▸ Exercise
Output, exactly as written, the lines below from the one that has "Artisans hand sew" through the one that has "肌肉燒傷伴筋膜腔高壓初期治療"; nothing else, and no pictures.

*** Given data Section Begins ***

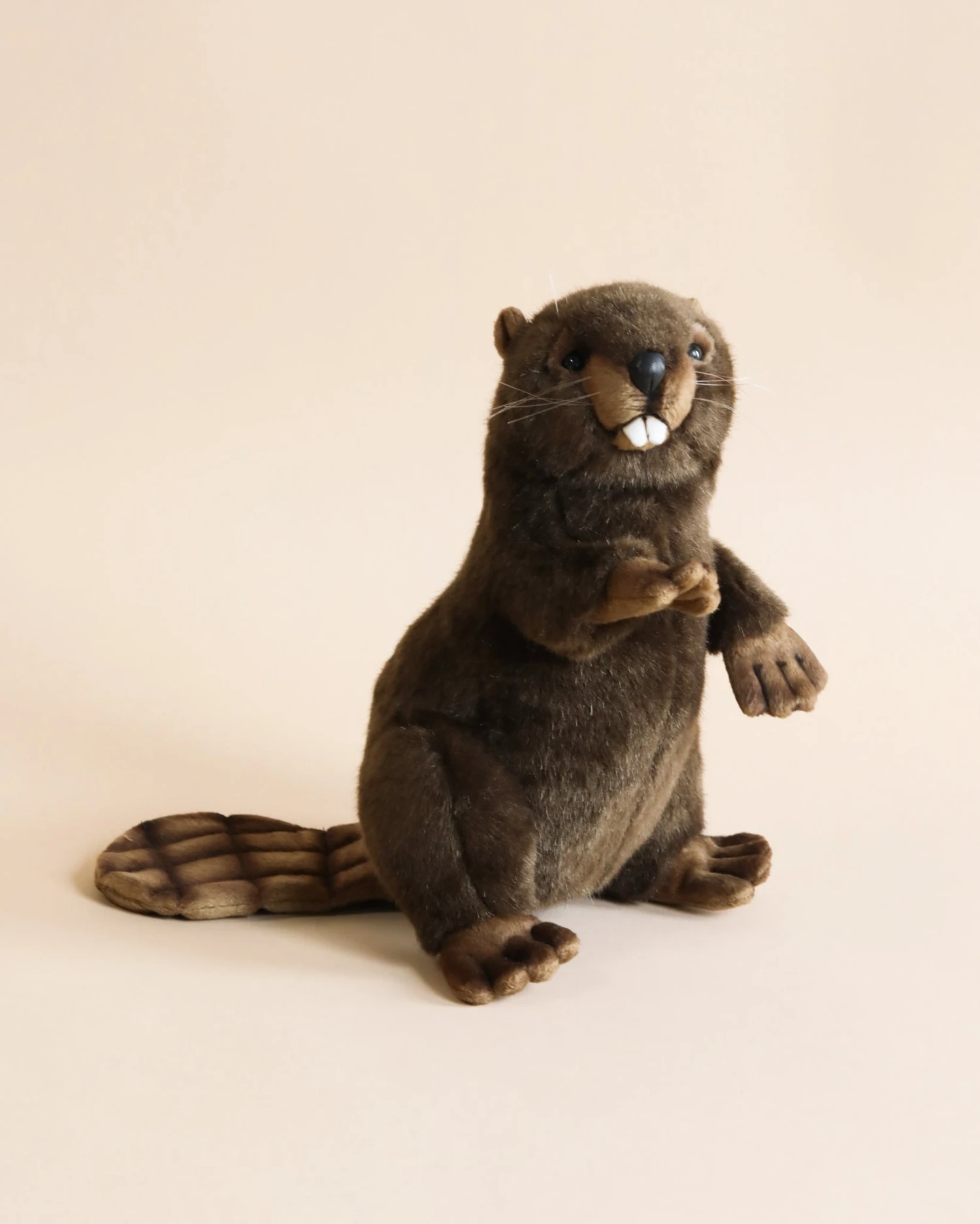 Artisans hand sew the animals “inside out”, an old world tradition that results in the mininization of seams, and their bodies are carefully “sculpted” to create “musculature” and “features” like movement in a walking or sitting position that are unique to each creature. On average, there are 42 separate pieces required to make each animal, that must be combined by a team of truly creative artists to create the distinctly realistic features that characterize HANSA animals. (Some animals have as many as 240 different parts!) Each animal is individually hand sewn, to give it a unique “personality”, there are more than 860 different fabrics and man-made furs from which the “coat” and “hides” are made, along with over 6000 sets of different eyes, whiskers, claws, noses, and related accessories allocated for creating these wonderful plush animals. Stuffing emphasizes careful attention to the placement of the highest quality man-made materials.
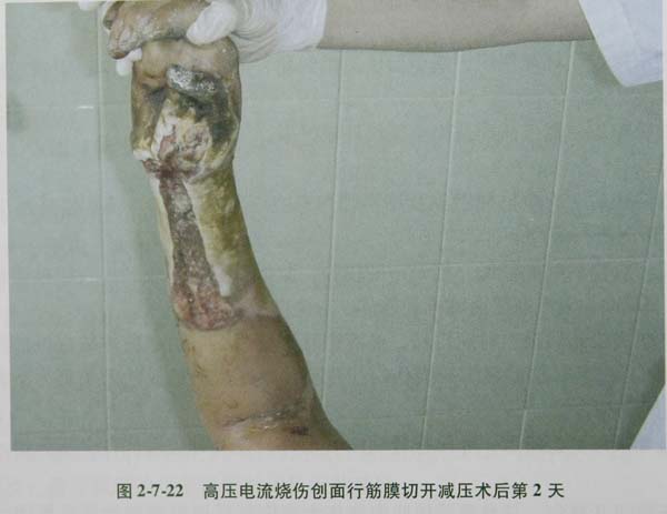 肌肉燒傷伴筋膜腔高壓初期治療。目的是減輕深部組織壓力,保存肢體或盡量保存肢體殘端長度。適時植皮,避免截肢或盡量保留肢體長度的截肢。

*** Given data Section Ends ***
*** Given data Section Begins ***

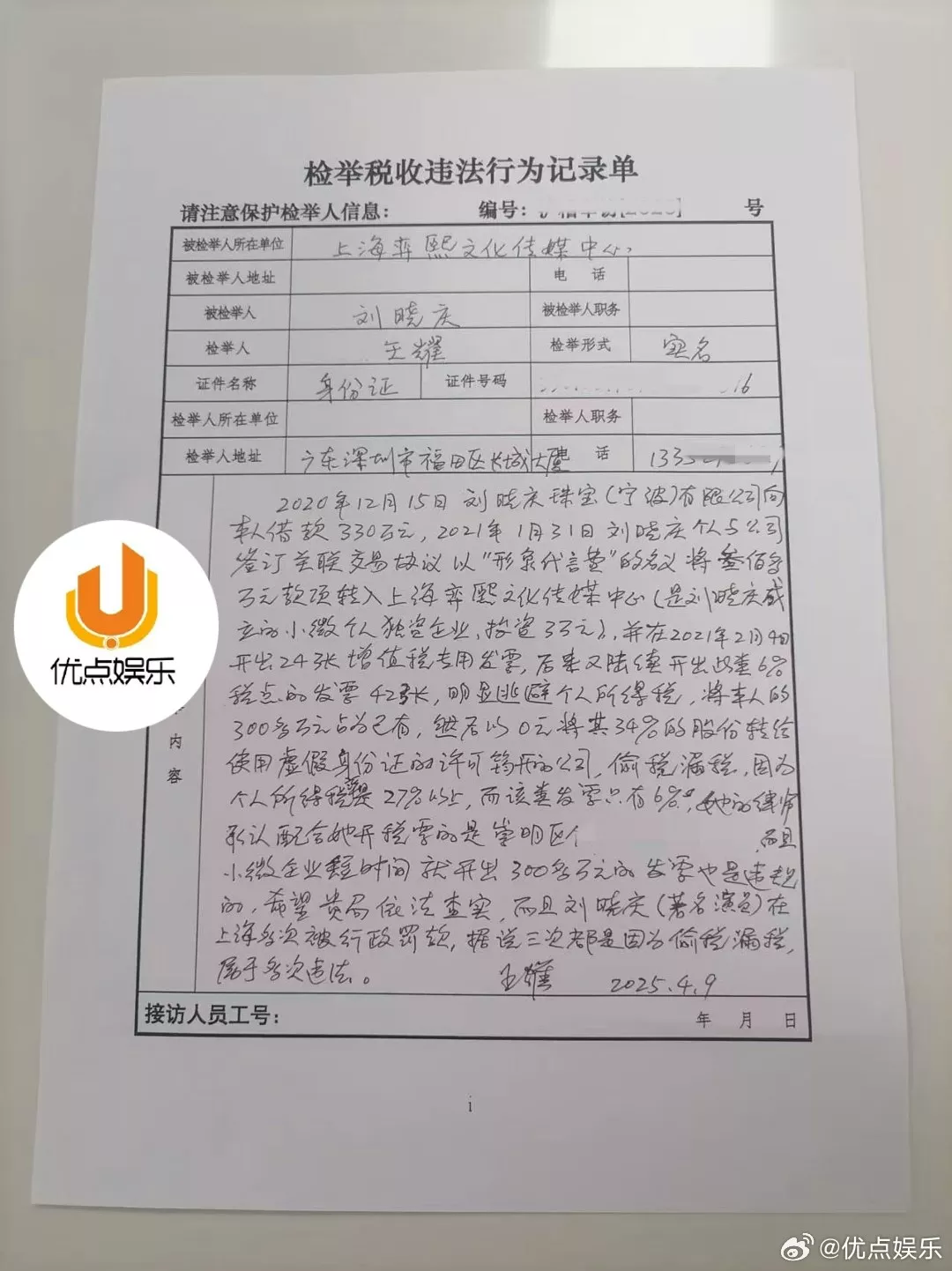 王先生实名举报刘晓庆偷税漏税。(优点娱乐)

*** Given data Section Ends ***

▸ Expected output
 Artisans hand sew the animals “inside out”, an old world tradition that results in the mininization of seams, and their bodies are carefully “sculpted” to create “musculature” and “features” like movement in a walking or sitting position that are unique to each creature. On average, there are 42 separate pieces required to make each animal, that must be combined by a team of truly creative artists to create the distinctly realistic features that characterize HANSA animals. (Some animals have as many as 240 different parts!) Each animal is individually hand sewn, to give it a unique “personality”, there are more than 860 different fabrics and man-made furs from which the “coat” and “hides” are made, along with over 6000 sets of different eyes, whiskers, claws, noses, and related accessories allocated for creating these wonderful plush animals. Stuffing emphasizes careful attention to the placement of the highest quality man-made materials.
 肌肉燒傷伴筋膜腔高壓初期治療。目的是減輕深部組織壓力,保存肢體或盡量保存肢體殘端長度。適時植皮,避免截肢或盡量保留肢體長度的截肢。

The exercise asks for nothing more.